◆ Exercise directions:
Only the lines of the listing below that run from the line with "1.1. Support the" through the line with "14k Gold Plated" are to be set down, word for word. Pictures stay out.

◆ Data under study:
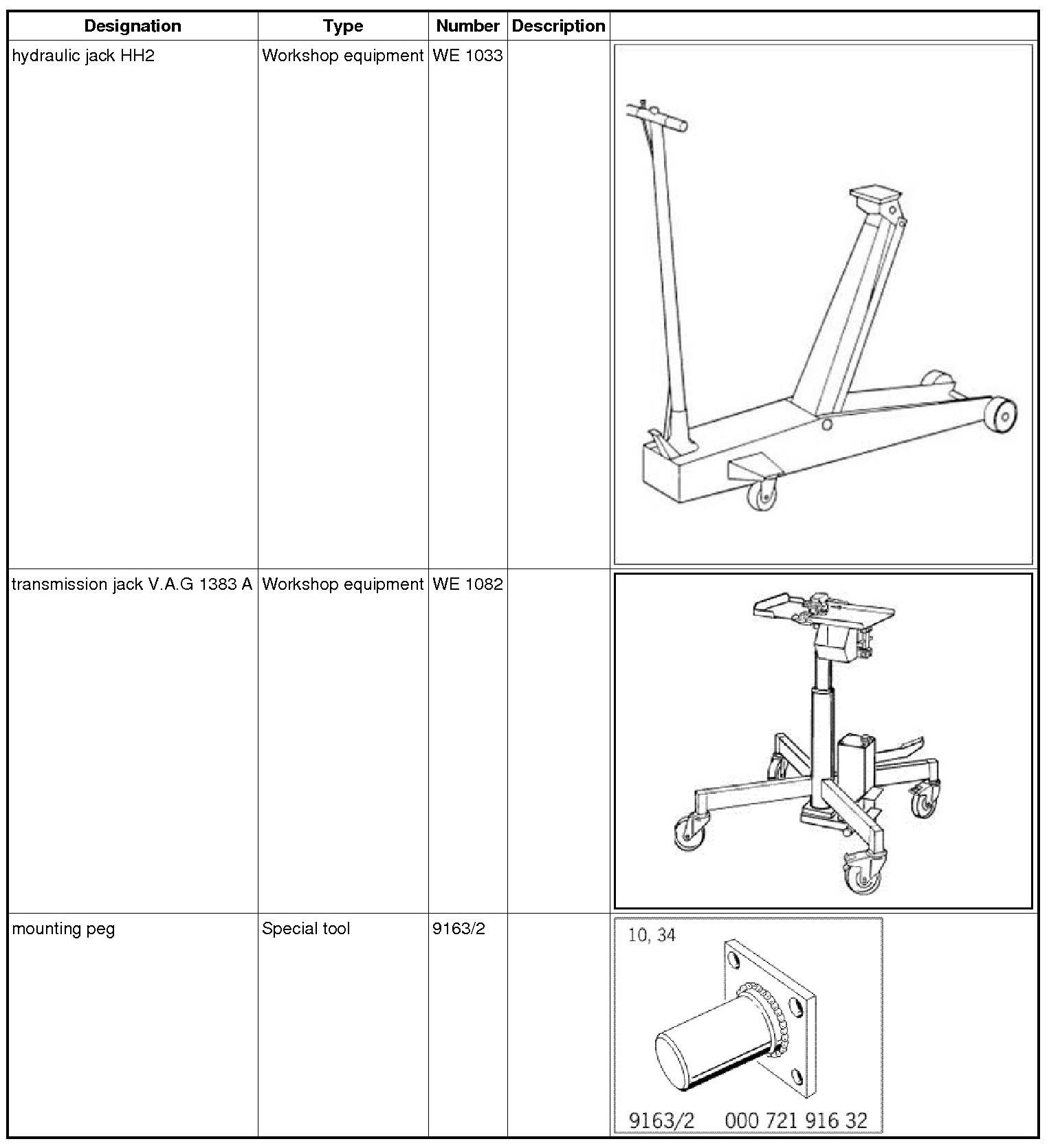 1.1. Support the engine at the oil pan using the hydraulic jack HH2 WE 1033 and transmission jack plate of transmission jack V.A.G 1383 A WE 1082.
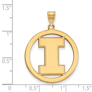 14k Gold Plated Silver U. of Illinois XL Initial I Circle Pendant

--

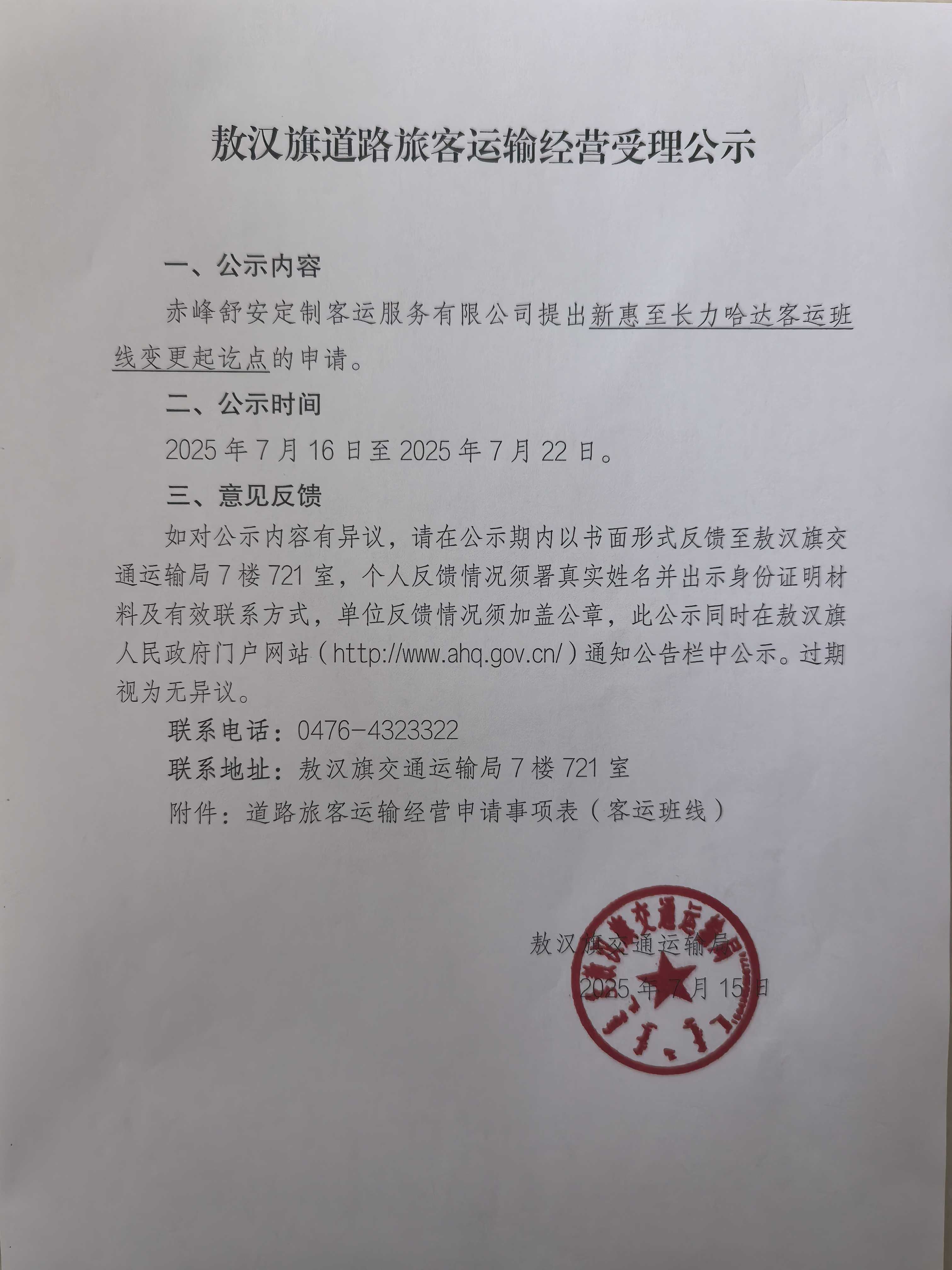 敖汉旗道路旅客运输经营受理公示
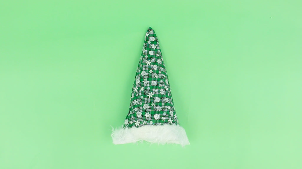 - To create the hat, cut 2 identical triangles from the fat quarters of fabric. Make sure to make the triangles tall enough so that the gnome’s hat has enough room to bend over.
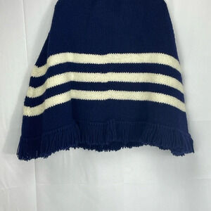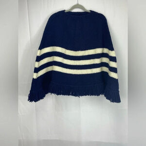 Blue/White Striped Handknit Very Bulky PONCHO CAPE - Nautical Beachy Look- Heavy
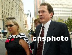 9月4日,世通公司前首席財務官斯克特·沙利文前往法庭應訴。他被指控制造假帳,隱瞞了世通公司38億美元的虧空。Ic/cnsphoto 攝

--

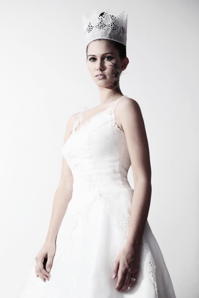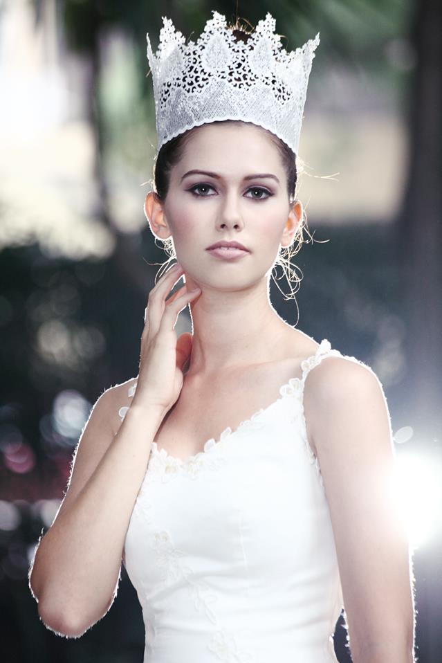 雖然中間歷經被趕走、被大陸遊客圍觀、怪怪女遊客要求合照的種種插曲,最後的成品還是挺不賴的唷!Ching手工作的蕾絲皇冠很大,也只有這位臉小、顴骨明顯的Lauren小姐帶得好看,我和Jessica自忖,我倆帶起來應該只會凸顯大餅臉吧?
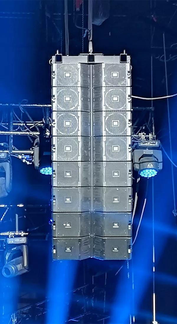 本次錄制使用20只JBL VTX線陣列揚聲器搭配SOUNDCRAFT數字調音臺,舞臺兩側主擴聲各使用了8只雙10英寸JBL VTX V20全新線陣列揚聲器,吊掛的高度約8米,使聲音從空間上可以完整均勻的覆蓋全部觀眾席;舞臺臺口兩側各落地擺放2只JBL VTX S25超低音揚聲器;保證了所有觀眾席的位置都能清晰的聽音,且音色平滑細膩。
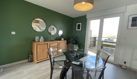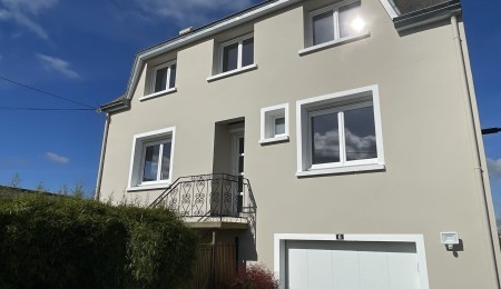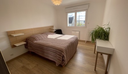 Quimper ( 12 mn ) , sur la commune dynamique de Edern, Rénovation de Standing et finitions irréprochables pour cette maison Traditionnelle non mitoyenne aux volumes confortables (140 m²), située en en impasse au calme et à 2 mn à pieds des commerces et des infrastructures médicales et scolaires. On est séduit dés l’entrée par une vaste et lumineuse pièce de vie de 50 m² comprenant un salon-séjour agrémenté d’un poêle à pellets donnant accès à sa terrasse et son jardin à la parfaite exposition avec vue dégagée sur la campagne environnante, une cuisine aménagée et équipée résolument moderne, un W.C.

◆ Expected output:
 1.1. Support the engine at the oil pan using the hydraulic jack HH2 WE 1033 and transmission jack plate of transmission jack V.A.G 1383 A WE 1082.
 14k Gold Plated Silver U. of Illinois XL Initial I Circle Pendant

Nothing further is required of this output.